Task instructions » Below is a listing. Write out exactly its lines between the one holding "黄金布林道中线小幅上,且柱体" and the one holding "30 January 1998/06.00", inclusive.

Supplied material »
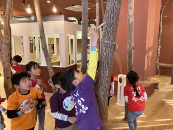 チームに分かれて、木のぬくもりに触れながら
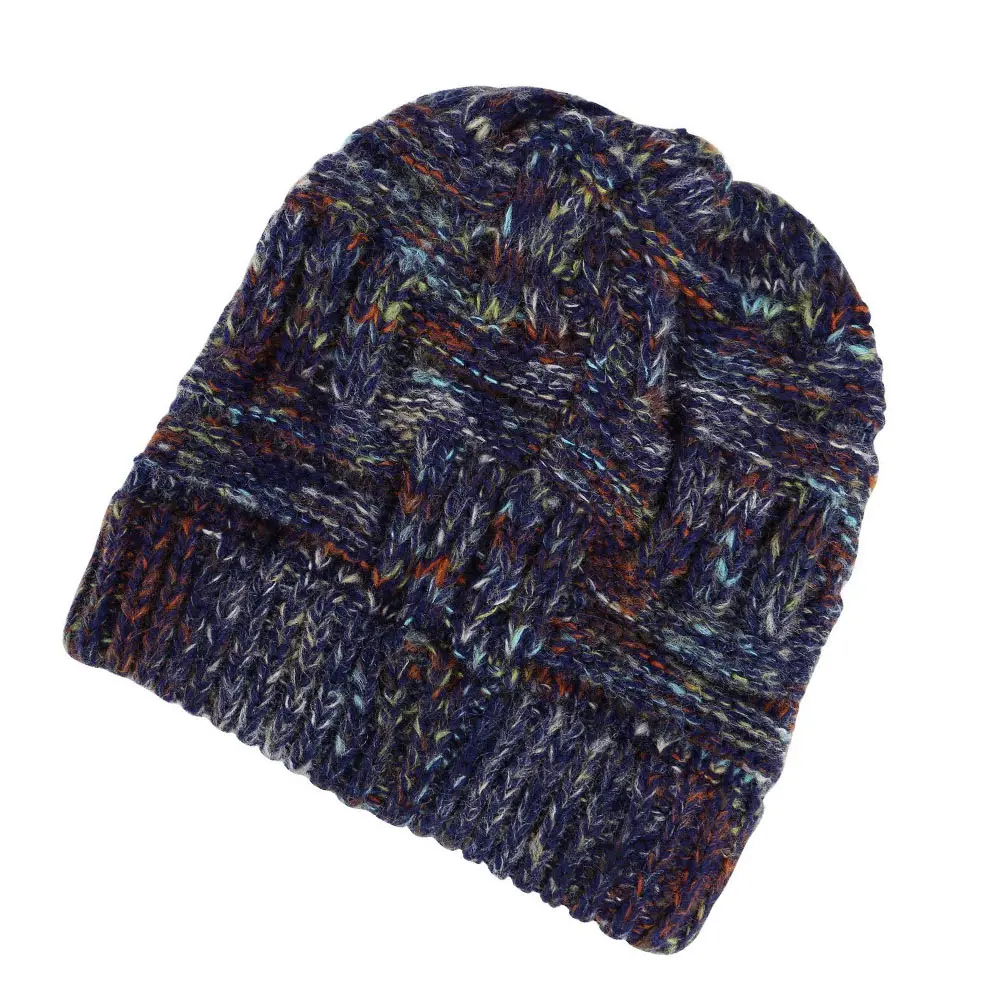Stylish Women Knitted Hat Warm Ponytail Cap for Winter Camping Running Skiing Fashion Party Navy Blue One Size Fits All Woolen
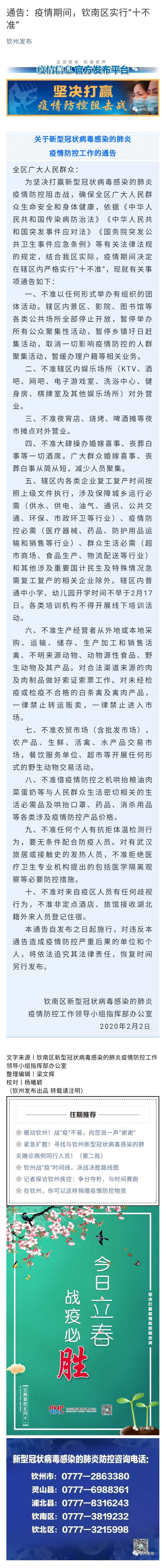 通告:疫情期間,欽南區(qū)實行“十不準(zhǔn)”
* * *
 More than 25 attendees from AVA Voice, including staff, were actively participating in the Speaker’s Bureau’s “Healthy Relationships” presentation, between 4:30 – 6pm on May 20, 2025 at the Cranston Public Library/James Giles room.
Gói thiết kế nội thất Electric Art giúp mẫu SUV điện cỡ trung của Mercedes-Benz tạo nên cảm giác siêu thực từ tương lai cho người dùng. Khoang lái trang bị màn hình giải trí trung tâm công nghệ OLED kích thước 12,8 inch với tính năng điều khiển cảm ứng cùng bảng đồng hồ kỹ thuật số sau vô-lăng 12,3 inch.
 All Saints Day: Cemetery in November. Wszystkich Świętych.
* * *
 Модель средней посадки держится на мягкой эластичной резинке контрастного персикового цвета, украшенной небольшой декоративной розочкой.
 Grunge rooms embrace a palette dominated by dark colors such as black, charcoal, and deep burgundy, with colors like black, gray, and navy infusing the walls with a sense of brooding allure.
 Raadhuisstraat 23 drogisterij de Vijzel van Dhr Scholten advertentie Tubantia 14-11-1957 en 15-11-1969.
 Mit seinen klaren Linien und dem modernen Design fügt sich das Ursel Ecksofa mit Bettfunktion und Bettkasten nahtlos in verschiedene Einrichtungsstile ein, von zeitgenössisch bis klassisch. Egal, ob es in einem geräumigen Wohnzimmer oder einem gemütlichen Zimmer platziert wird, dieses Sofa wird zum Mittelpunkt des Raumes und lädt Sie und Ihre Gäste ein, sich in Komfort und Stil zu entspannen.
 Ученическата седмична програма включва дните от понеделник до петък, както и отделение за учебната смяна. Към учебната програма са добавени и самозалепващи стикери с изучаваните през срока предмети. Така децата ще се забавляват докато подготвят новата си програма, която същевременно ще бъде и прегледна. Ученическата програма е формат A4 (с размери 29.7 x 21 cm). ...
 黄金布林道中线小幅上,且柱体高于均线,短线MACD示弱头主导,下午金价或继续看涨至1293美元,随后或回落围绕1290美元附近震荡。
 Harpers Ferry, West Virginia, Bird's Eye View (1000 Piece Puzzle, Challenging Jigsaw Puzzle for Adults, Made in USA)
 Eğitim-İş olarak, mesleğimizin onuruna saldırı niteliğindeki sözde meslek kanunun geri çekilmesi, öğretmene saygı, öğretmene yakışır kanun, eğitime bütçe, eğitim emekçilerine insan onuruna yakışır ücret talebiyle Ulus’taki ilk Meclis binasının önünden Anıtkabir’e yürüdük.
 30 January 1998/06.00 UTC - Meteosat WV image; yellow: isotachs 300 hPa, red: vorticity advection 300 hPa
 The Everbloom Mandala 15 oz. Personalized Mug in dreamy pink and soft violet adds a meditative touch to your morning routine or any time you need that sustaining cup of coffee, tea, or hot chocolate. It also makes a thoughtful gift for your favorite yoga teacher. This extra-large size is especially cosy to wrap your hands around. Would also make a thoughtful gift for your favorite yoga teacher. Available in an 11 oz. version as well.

Solution for this task »
 黄金布林道中线小幅上,且柱体高于均线,短线MACD示弱头主导,下午金价或继续看涨至1293美元,随后或回落围绕1290美元附近震荡。
 Harpers Ferry, West Virginia, Bird's Eye View (1000 Piece Puzzle, Challenging Jigsaw Puzzle for Adults, Made in USA)
 Eğitim-İş olarak, mesleğimizin onuruna saldırı niteliğindeki sözde meslek kanunun geri çekilmesi, öğretmene saygı, öğretmene yakışır kanun, eğitime bütçe, eğitim emekçilerine insan onuruna yakışır ücret talebiyle Ulus’taki ilk Meclis binasının önünden Anıtkabir’e yürüdük.
 30 January 1998/06.00 UTC - Meteosat WV image; yellow: isotachs 300 hPa, red: vorticity advection 300 hPa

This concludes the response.